Wednesday, November 6, 2013

Fiction Packet 11/6/13

Fiction Packet #3
Brandon Lazovic

                So we had a few packets to read for our creative writing class this week. The first set of stories was from the book The Singing Fish by Peter Markos. My interpretation of the stories would have to be a mixed response. It feels like tribal myths, the way it is written, the elements, the way things happen and are all explained are a lead example of this. The last story that was written could also justify how children age and grow up, learning and how they try and explain things in life. The word ‘mud’ is used in large amounts throughout the stories, which could allude to that tribal age of misunderstanding about the world, or possibly refer to skin color and African culture. It would make sense because of the way the stories are written in an unlearned dialectic, but it’s just a shot in the dark.
                The next story is called The Falling Girl by Dino Buzzati. The story begins with a girl falling down a skyscraper. The story itself, I feel, alludes to life. At the top of the skyscraper you are young, and when most people are young they try to grow up as quick as possible, passing by all the imagery of life (evident as this girl moves quickly from all the people she passes as she falls). There is a sense of freedom and independence that young people tend to have. It isn’t until the age begins to creep on someone that they realize that they aren’t alone and there are people out there with better things than them, better looks, better material objects, better lives. This stage is similar to a mid-life crisis, and this girl experiences that as she sees other women dressed in better clothes falling just like she is. Then the story alludes to only seeing old women fall to their deaths at the bottom of the skyscraper, which reinforces the transitional stages of life as they make their descent. They tend to hear thumps at the bottom, which I feel represent someone’s worth in life. In this circumstance, however, they don’t hear anything as this girl hits the cement.
                The story August 25th, 1983 by Jorge Luis Borges is about a man finding himself in his hotel room, aged. I feel as though the man is a representation of himself, the younger of the two being the optimist and the older one being the pessimist. A reference to the stoics was made, adding to a philosophical aspect to the story that might support the split personalities of the narrator. The pessimistic side died the night in the story, but it took a piece of the optimist with him. In this sense maybe the pessimist won out in a duel of the personalities, influencing the other half more than the other half influenced it.

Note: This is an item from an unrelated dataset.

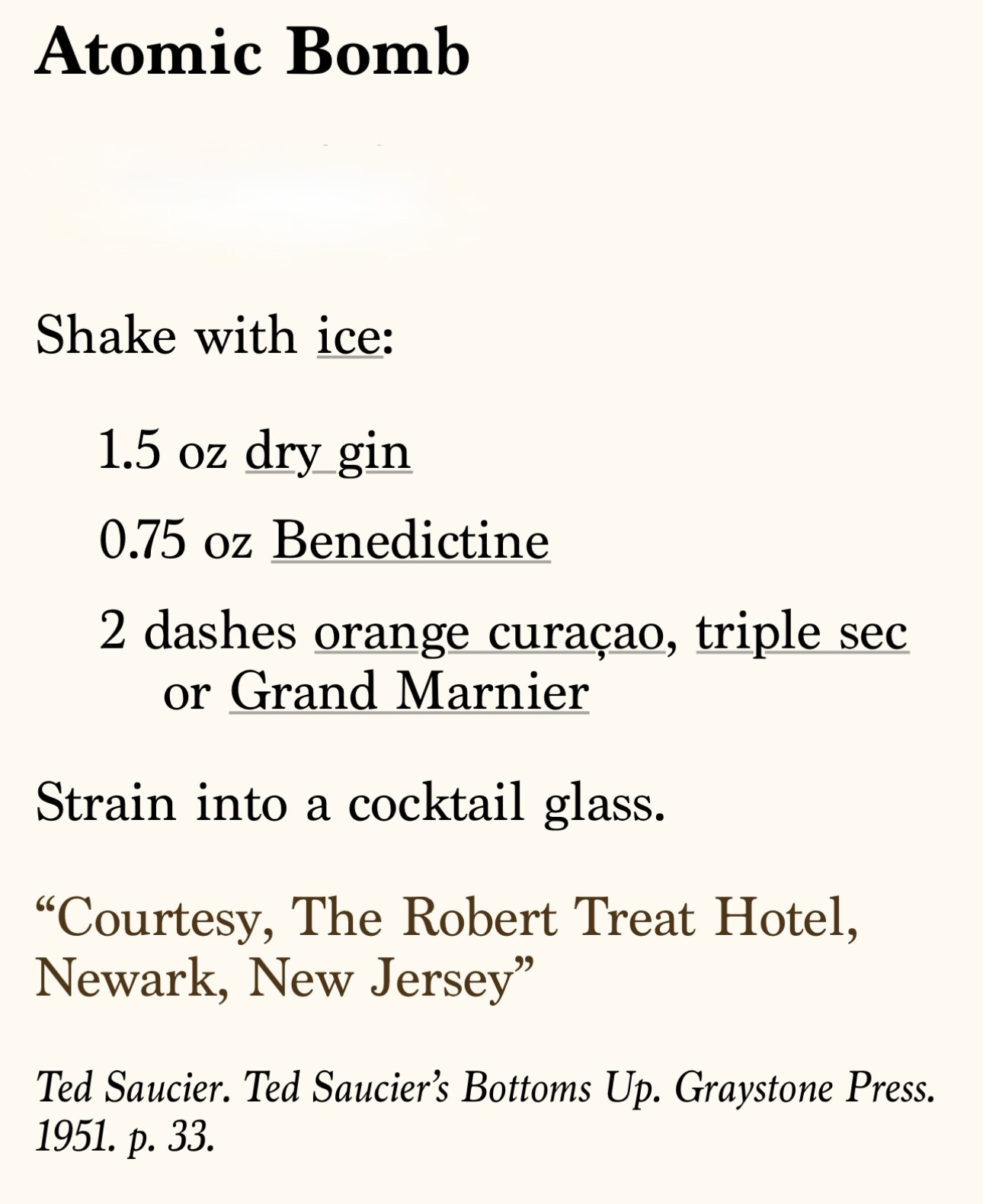 @Splificator lists “A Bomb”, is this the one listed in the COCKTAILS App? It also references it as 1951 but Newark’s proximity to Manhattan could have been popular in this region and/or its popularity could have traveled across the river.

                Lastly, The Fifth Story by Clarice Lespector is actually quite interesting. It describes various scenarios in which to kill cockroaches. However, with each story the thought process into killing them gets more intensive as the narrator puts more thought into their actions. It likens the cockroaches to Pompei as the volcano buried the town alive. This story might actually be explaining the human psyche and how we think into things so heavily. Everything is intrinsic, the pathways into thought every branching away as every action that we take has a reaction and another action. It kind of makes me think of Nietsche where nothing matters, having a nihilistic attitude. There’s also a theory that for every action somewhere in another parallel world you perform the opposite choice, so nothing you do technically matters. Not sure if this correlates with this story, but it makes me think of those two things.